→ **EXERCISE DATA**

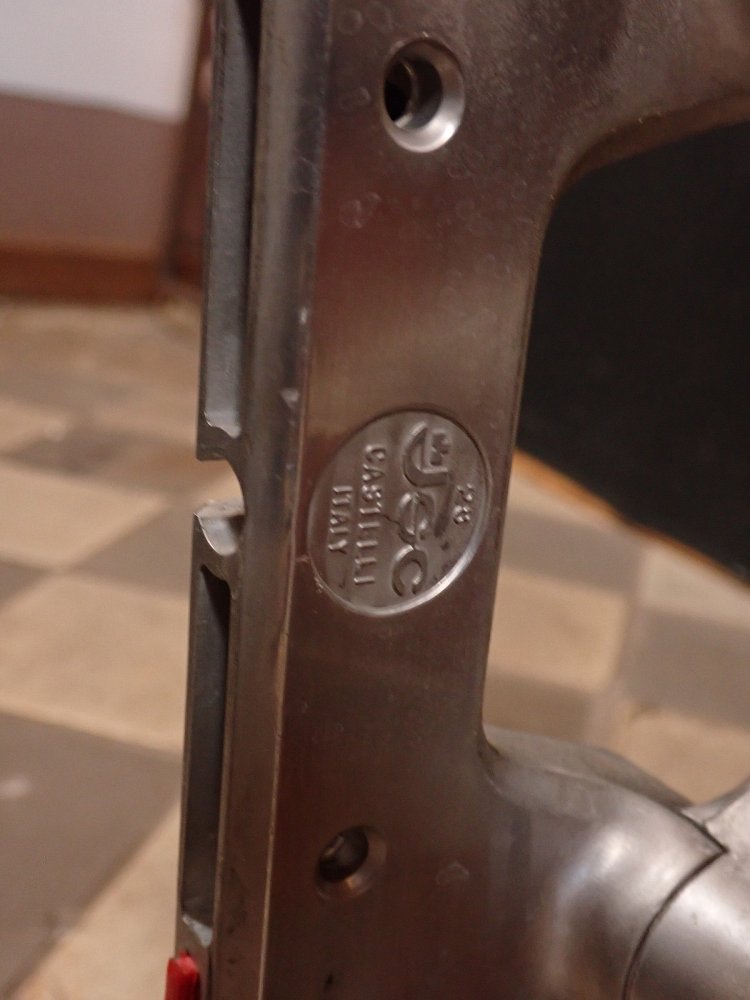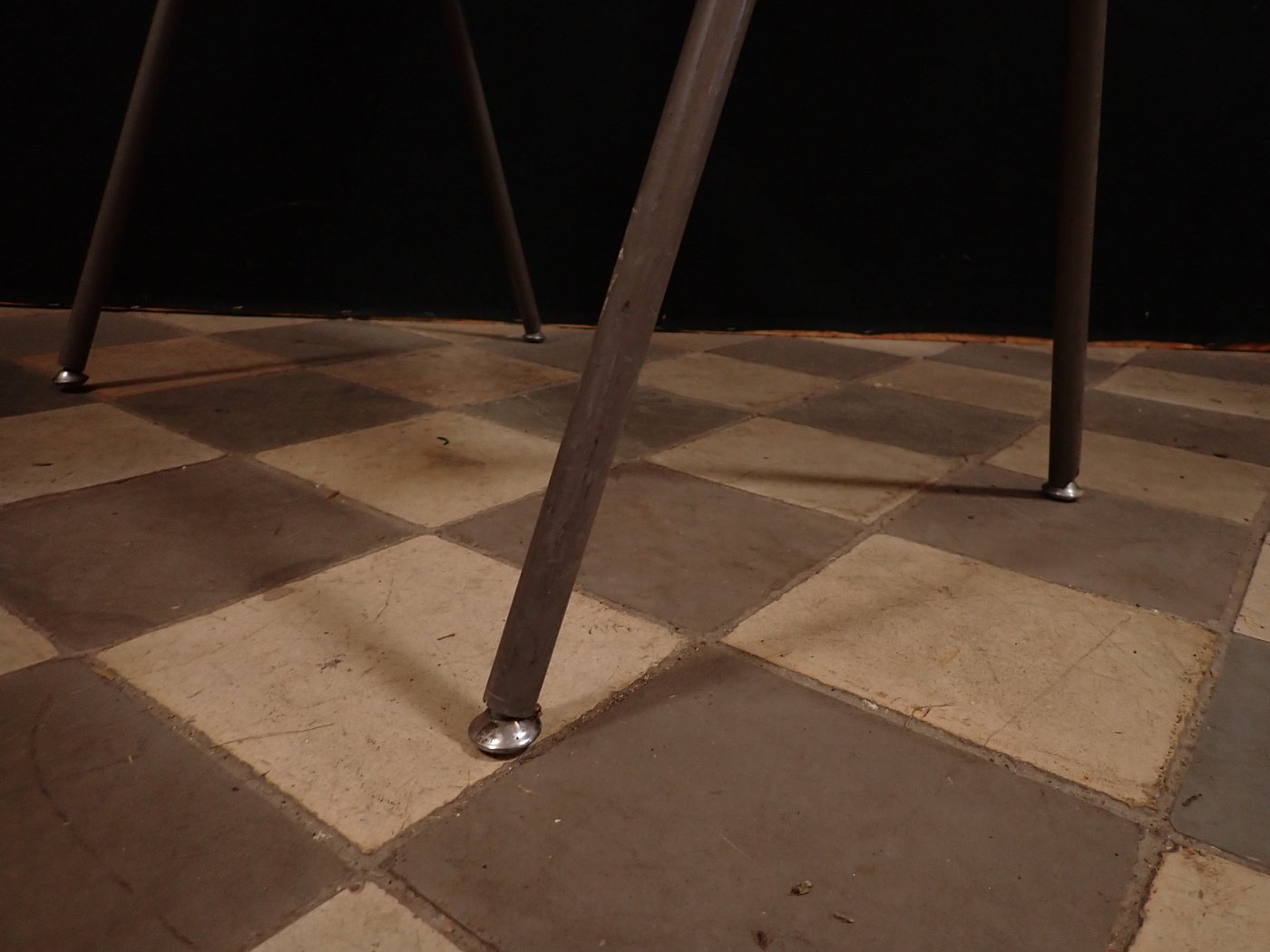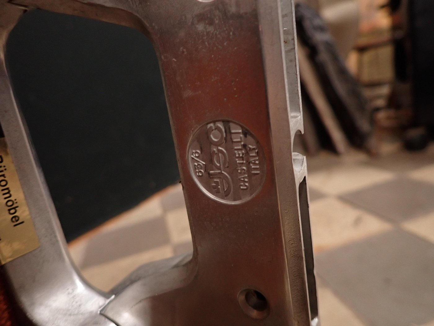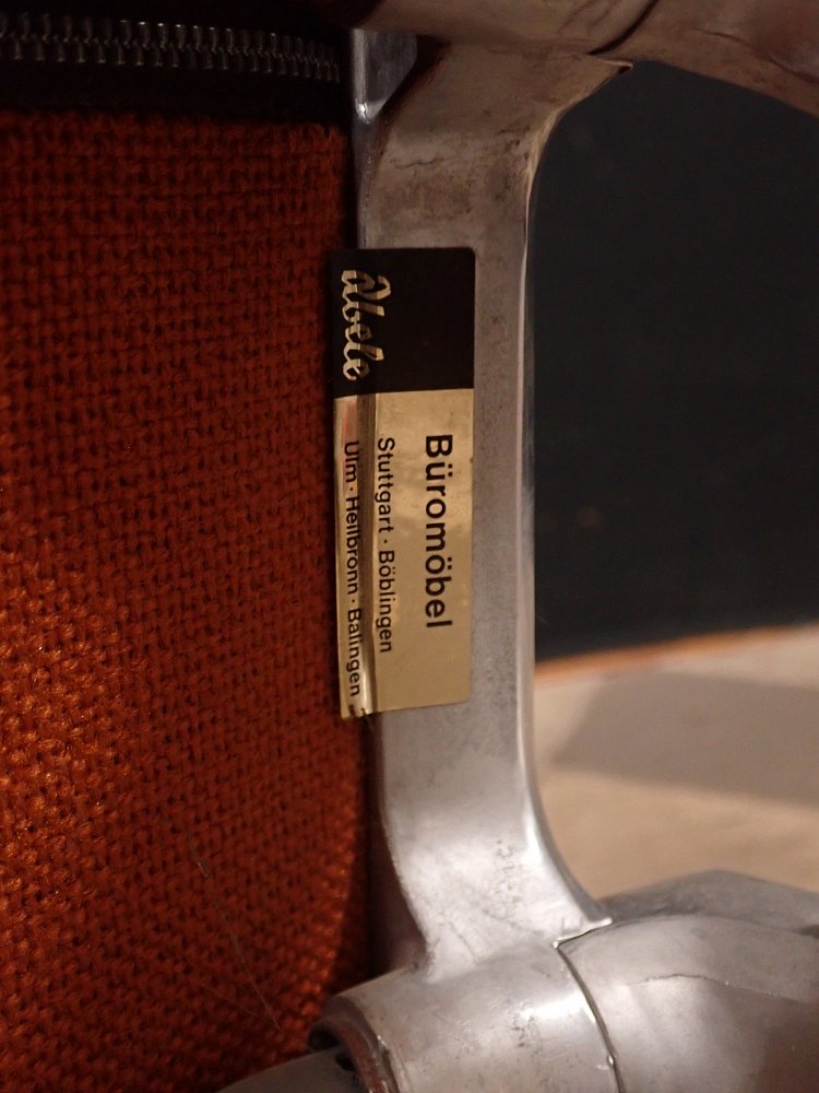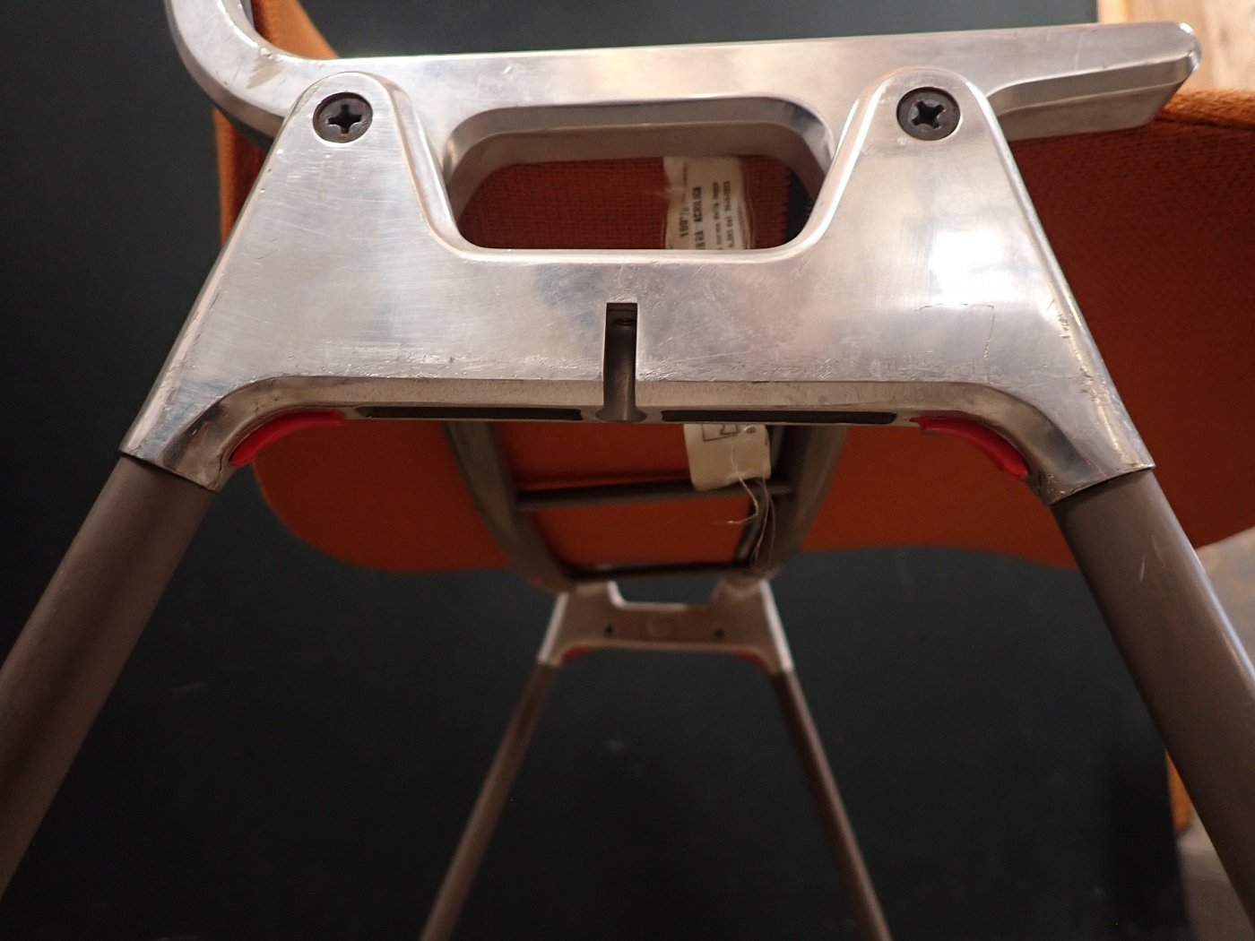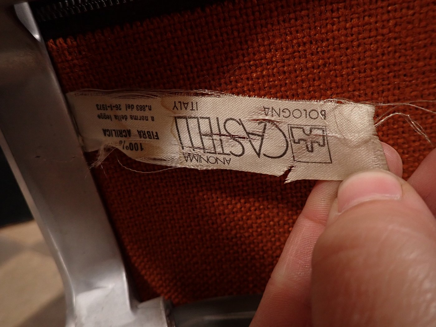 Das Stuhlgestell besteht aus Aluminium und die Sitzlehne und Sitzfläche aus Holz, welches mit einem gepolsterten orangenen Stoff überzogen ist. Der Stuhl zählt als Klassiker des italienischen Mid-Century-Designs.
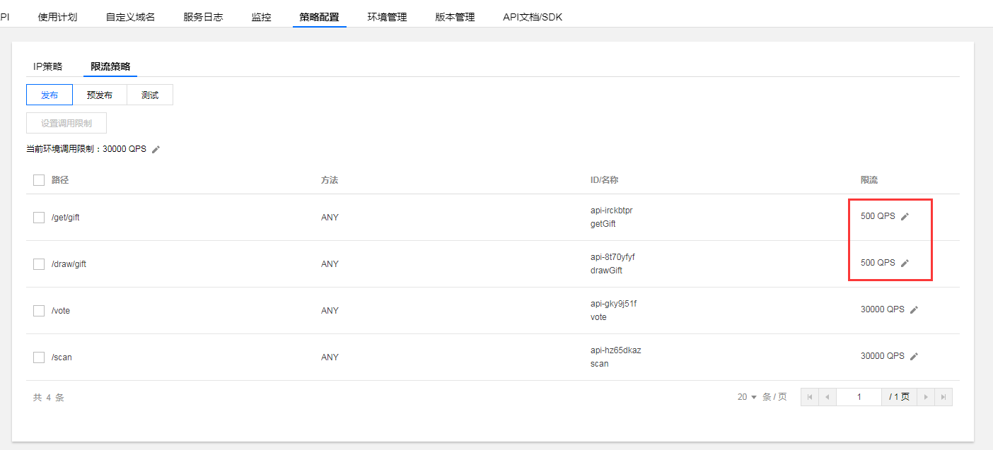 - 针对次要业务,使用 API 限流功能,对次要接口进行限流。故决赛当晚,对抽奖和兑奖 API 设置较低的 API 限流,保障投票等业务的资源不被抢占。
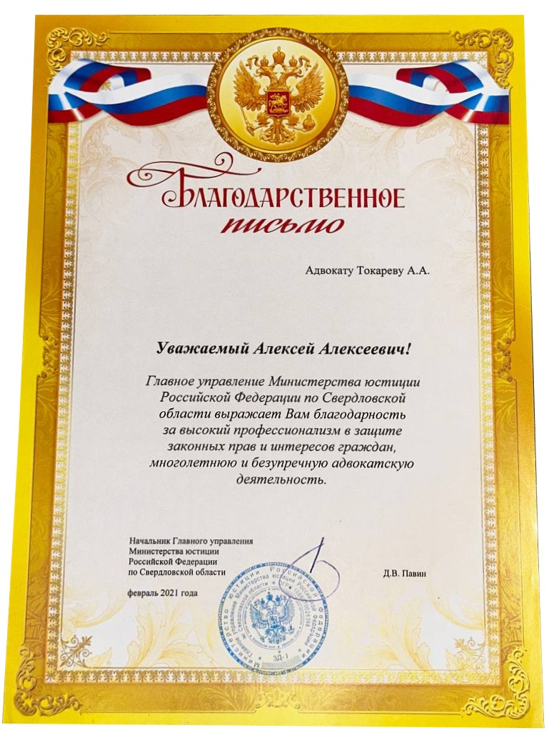 2021г. Благодарностью ГУ Минюста РФ по Свердловской области

→ **WORK INSTRUCTION**
Give the preceding data back exactly, minus every picture.

→ **ANSWER BOX**
 Das Stuhlgestell besteht aus Aluminium und die Sitzlehne und Sitzfläche aus Holz, welches mit einem gepolsterten orangenen Stoff überzogen ist. Der Stuhl zählt als Klassiker des italienischen Mid-Century-Designs.
 - 针对次要业务,使用 API 限流功能,对次要接口进行限流。故决赛当晚,对抽奖和兑奖 API 设置较低的 API 限流,保障投票等业务的资源不被抢占。
 2021г. Благодарностью ГУ Минюста РФ по Свердловской области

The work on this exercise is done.